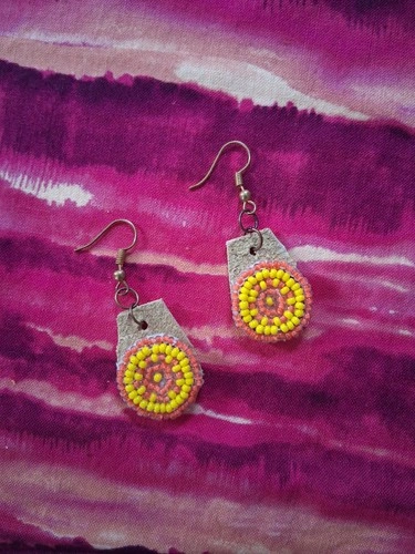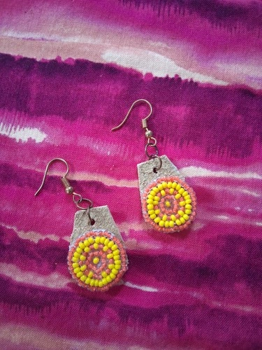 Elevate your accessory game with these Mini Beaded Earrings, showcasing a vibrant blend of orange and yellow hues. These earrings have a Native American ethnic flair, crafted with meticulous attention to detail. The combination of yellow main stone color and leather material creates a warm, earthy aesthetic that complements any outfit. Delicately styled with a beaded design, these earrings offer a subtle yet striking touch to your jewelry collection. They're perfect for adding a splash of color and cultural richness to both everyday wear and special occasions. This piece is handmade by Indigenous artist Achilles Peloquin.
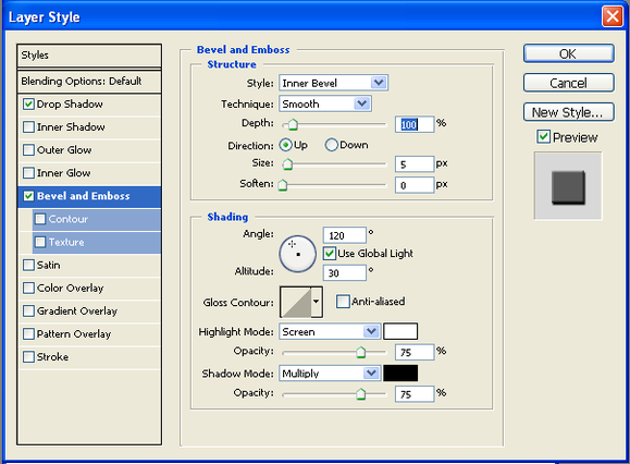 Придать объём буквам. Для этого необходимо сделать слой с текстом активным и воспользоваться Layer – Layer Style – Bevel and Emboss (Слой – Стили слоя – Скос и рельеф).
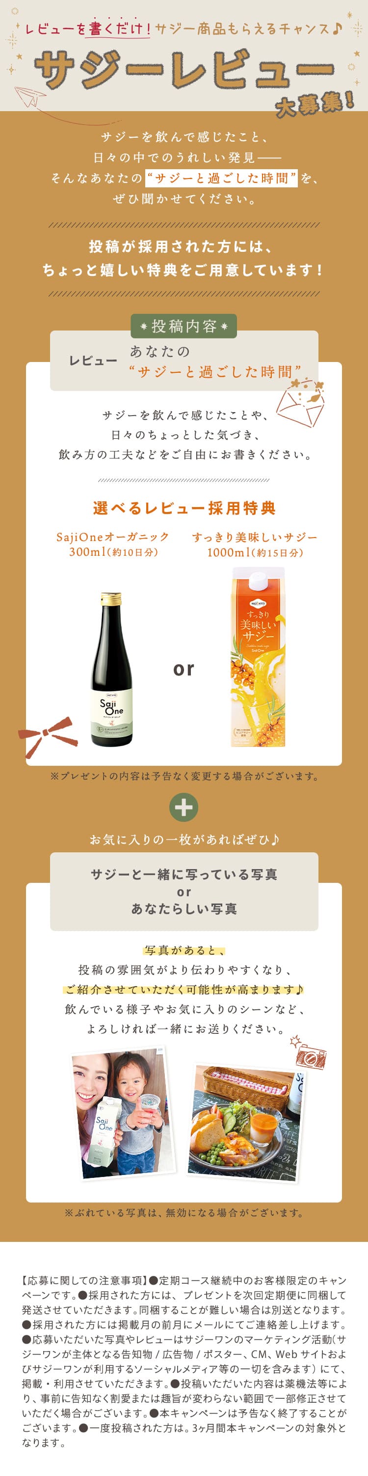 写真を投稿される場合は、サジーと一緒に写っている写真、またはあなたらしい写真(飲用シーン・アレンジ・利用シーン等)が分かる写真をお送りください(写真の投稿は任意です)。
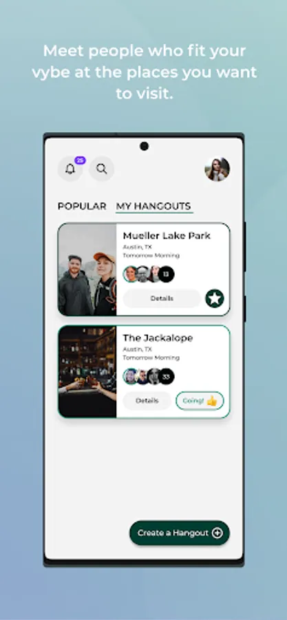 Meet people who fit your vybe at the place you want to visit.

#### What the task requires
A verbatim copy is needed of the lines running from the line with "写真を投稿される場合は、サジ" to the end of the data above, both included. Keep the pictures out of it.

#### Result of this task
 写真を投稿される場合は、サジーと一緒に写っている写真、またはあなたらしい写真(飲用シーン・アレンジ・利用シーン等)が分かる写真をお送りください(写真の投稿は任意です)。
 Meet people who fit your vybe at the place you want to visit.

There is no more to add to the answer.